My dear friend Gina wrote on her blog today to just get out there and do it because “none of us is guaranteed a next time.” That made me think about my own philosophy of life.

I climbed 5500 FT to Sarangkot see the sunrise in Pokhara, Nepal

I hardly ever talk about religion publicly, but here’s my story. My great-grand mother was a Hindu, she converted to Christianity to save herself from being sacrificed on her husband’s funeral pyre (a tradition known as sati at the time). My grandfather was Muslim. He use to attend Church with his best friend and fell in love with my grandmother there. My father, a Hindu (again, a love marriage) who later took on a Sikh second wife. So, I had practically all religions represented in my family which gave me the opportunity to learn about all of them from a very young age.

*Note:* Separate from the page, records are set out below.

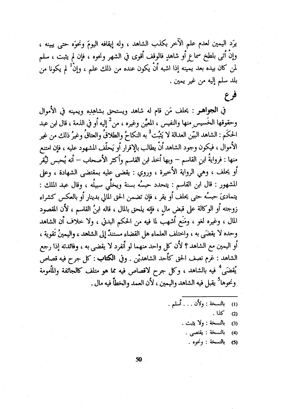 فِي الْجَوَاهِرِ يَحْلِفُ مَنْ قَامَ لَهُ شَاهد وَيسْتَحق بِشَهَادَة وَيَمِينِهِ فِي الْأَمْوَالِ وَحُقُوقِهَا الْخَسِيسِ مِنْهَا وَالنَّفِيسِ الْمعِين وَغَيره من إِلَيْهِ أَوْ فِي الذِّمَّةِ قَالَ ابْنُ عَبْدِ الْحَكَمِ الشَّاهِدُ الْبَيِّنُ الْعَدَالَةِ لَا يَثْبُتُ بِهِ النِّكَاحُ وَالطَّلَاقُ وَالْعَتَاقُ وَغَيْرُ ذَلِكَ مِنْ غَيْرِ الْأَمْوَالِ فَيَكُونُ وُجُودُ الشَّاهِدِ أَنْ يُطَالَبَ بِالْإِقْرَارِ أَوْ يحلف الْمَشْهُود عَلَيْهِ فَإِن امْتنع مِنْهَا فَرِوَايَةُ ابْنِ الْقَاسِمِ وَبِهَا أَخَذَ ابْنُ الْقَاسِمِ وَأَكْثَرُ الْأَصْحَابِ أَنَّهُ يُحْبَسُ لِيُقِرَّ أَوْ يَحْلِفَ وَهِيَ الرِّوَايَةُ الْأَخِيرَةُ وَرُوِيَ يُقْضَى عَلَيْهِ بِمُقْتَضَى الشَّهَادَةِ وَعَلَى الْمَشْهُورِ قَالَ ابْنُ الْقَاسِمِ يَتَحَدَّدُ حَبْسُهُ بِسَنَةٍ وَيُخْلَى سَبِيلُهُ وَقَالَ عَبْدُ الْمَلِكِ يَتَمَادَى حَبْسُهُ حَتَّى يَحْلِفَ أَوْ يُقِرَّ فَإِنْ تضمن الْحق المالي بِدِينَار اَوْ بِالْعَكْسِ كَشِرَاءِ زَوْجَتِهِ أَوِ الْوَكَالَةِ عَلَى قَبْضِ مَالٍ فَإِنَّهُ يُلْحَقُ بِالْمَالِ قَالَهُ ابْنُ الْقَاسِمِ لِأَنَّ الْمَقْصُود المَال وَغَيره لَغْو وَمنع أَشْهَبُ لِمَا فِيهِ مِنَ الْحُكْمِ الْبَدَنِيِّ وَلَا خِلَافَ أَنَّ الشَّاهِدَ وَحْدَهُ لَا يُقْضَى بِهِ وَاخْتَلَفَ الْعُلَمَاءُ هَلِ الْقَضَاءُ مُسْتَنِدٌ إِلَى الشَّاهِدِ وَالْيَمِينُ تَقْوِيَةٌ أَوِ الْيَمِينُ مَعَ الشَّاهِدِ لِأَنَّ كُلَّ وَاحِدٍ مِنْهُمَا لَوِ انْفَرَدَ لَا يُقْضَى بِهِ وَفَائِدَتُهُ إِذَا رَجَعَ الشَّاهِدُ غَرِمَ نِصْفَ الْحَقِّ كَأَحَدِ الشَّاهِدَيْنِ وَفِي الْكِتَابِ كُلُّ جُرْحٍ فِيهِ قصاص يقْضى فِيهِ بِالشَّاهِدِ وَكُلُّ جُرْحٍ لَا قِصَاصَ فِيهِ مِمَّا هُوَ متْلف كالجائفة والمأمومة وَنَحْوهَا يُقْبَلُ فِيهِ الشَّاهِدُ وَالْيَمِينُ لِأَنَّ الْعَمْدَ وَالْخَطَأَ فِيهِ مَال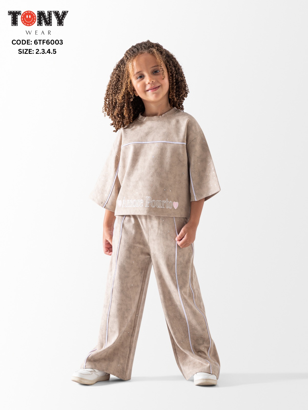 طقم بناتي أنيق مصنوع من خامة طبي سترس، مصمم بستايل مريح وواسع. مناسب للأطفال بعمر 2-5 سنوات.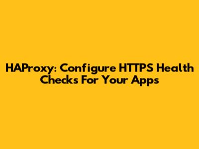 HAProxy: Configure HTTPS Health Checks For Your Apps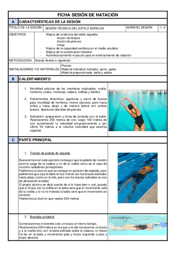 He publicado nuevos trabajos de 3º Natación: sesiones técnicas estilos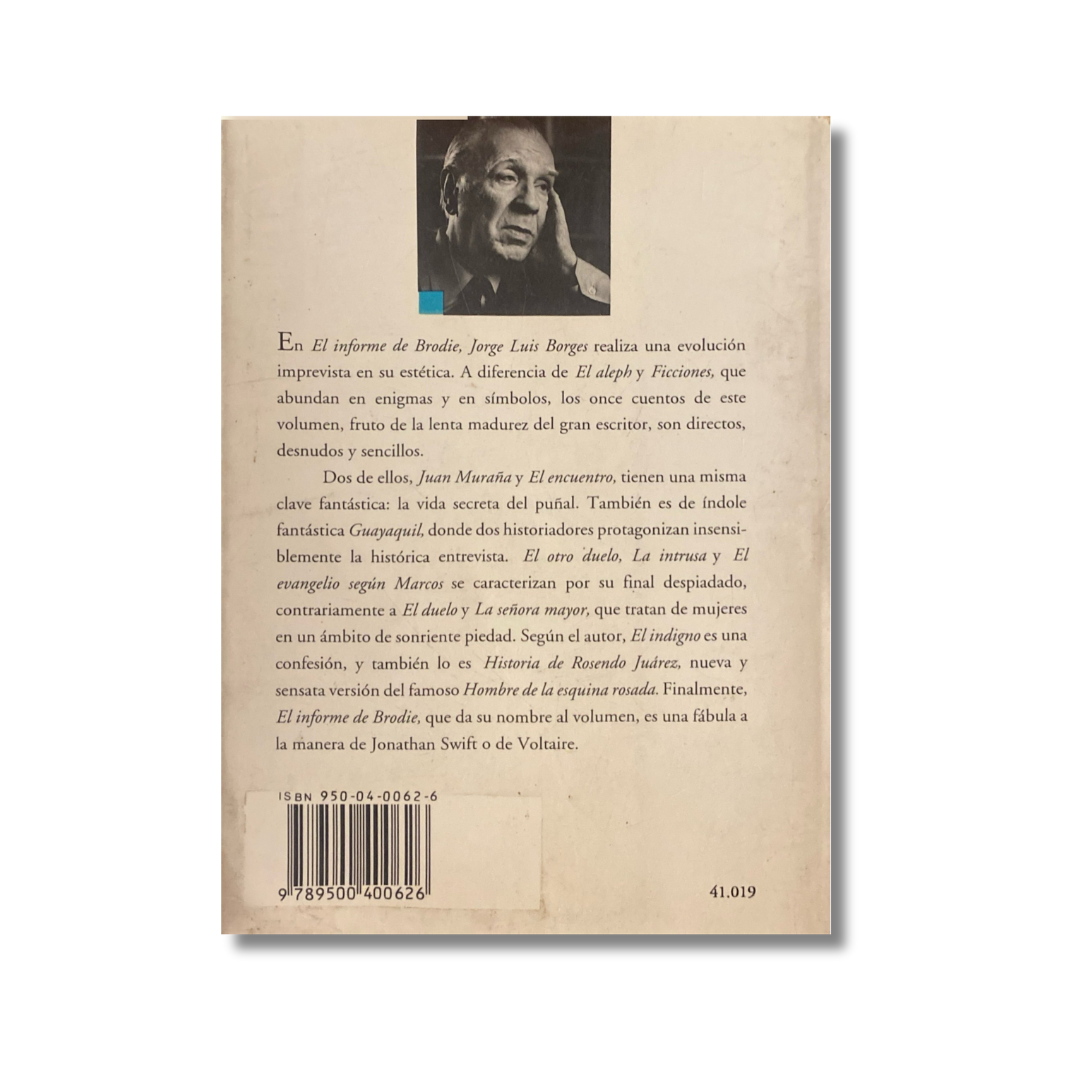 En El informe de Brodie, Jorge Luis Borges realiza una evolución imprevista en su estética. A diferencia de El Aleph y Ficciones, que abundan en enigmas y en símbolos, los once cuentos de este volumen, fruto de la lenta madurez del gran escritor, son directos, desnudos y sencillos.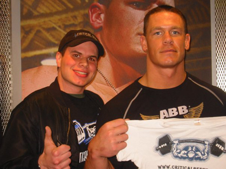 WWE Champ Superstar John Cena holds up a Critical Bench shirt.
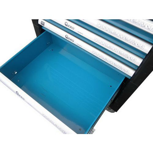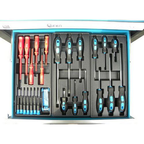 Třetí zásuvka o rozměrech 53 cm x 5,5 cm x 45 cm obsahuje 6 ks šroubováky elektrikářské, 6 ks šroubováky precizní, TORX 5-6-7-8-9-10-11, 7 Imbus klíčů.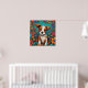 Adorable art de l'air blanc avec un chien chiot brun et blanc entouré de fleurs d'art populaire en rose, orange et violet.

After learning about many religions and philosophies, I decided that my personal philosophies as an individual reflect those of a Buddhist. I believe in the act of karma – that you reap what you sow. All of our thoughts, words and actions become energies that reflect out into the universe and bring us back something – good or bad. We may see the results right away or next year or even in another life. But every action has a reaction, this I believe.

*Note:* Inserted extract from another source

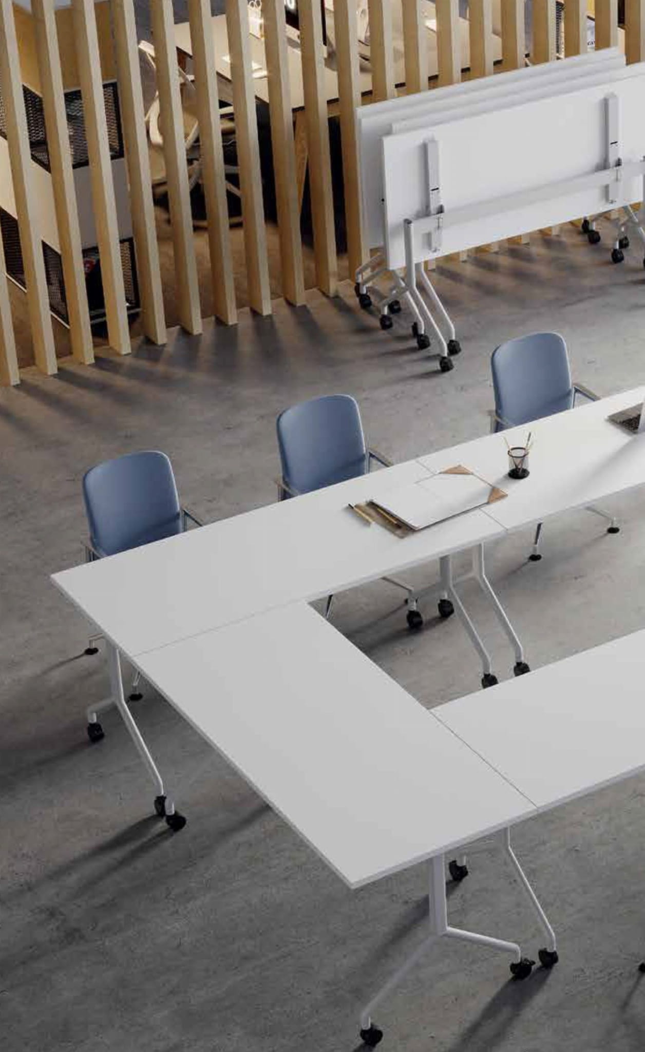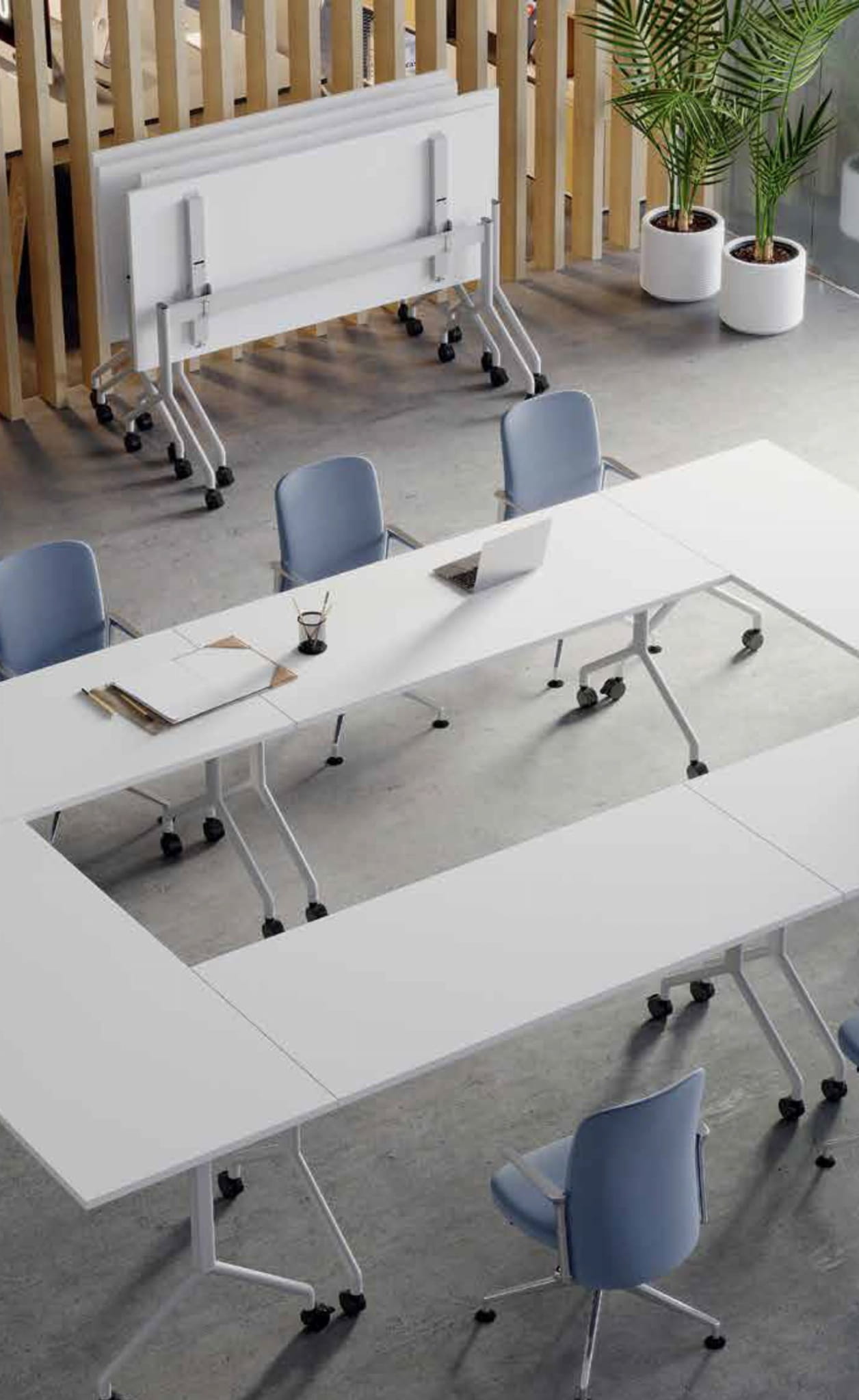 Stoly składane to funkcjonalne rozwiązanie do sal konferencyjnych. Łatwość budowania dowolnych układów, mobilność i lekkość daje możliwość łatwego składania. Stoły składane mobilne umożliwiają dowolne zaaranżowanie pomieszczeń w ciągu kilku chwil. Największymi korzyściami wynikającymi z użytkowania stołów mobilnych jest ich wyjątkowa łatwość w obsłudze, wygoda oraz duża elastyczność w tworzeniu kombinacji ustawienia. Zaaranżowanie miejsca, w którym ma się odbyć szkolenie, zebranie czy krótkie spotkanie robocze jest kwestią kilku ruchów. Stelaż mobilny, składany pionowo pozwala na optymalne wykorzystanie przestrzeni, można go łatwo przesuwać i wygodnie ustawić w dowolnym miejscu po zakończeniu pracy.

Subconsciously I have been living with these  believes all my life. I never been afraid to take a risk, to lend a hand or to jump into sometime new. If an opportunity presents itself before me, I embrace it like a special gift. That probably explains why I have dabbled into multiple careers and enjoyed every one of them. I tell my friends constantly “Say what you mean. If you say you want to do it, just do it.”

There are two things I want you to take away from this. One, before you react to another person or a situation, take a moment to reflect how this will impact your own karma. Would you chose to go out and work in the soup kitchen on a Sunday afternoon or stay home and watch a game on TV? If a friend calls you to talk and vent, would you make an excuse that you are busy or pick up the phone? When your co-worker yells at you, would you shout back or give her a hug?

Two, if there is anything you are waiting to do in your life, do it right now. Although many philosophies believe in after-life, they also state the important of improving each life, overcoming pain bodies and trying to attempt nirvana (or enlightenment). That’s a state of eternal peace all humans are striving to attain, whether consciously or subconsciously. So, if you want to start a business, do it! If you dream to see the world, do it! If you want to volunteer in Africa, do it! There is never going to be a “right time” so do it now.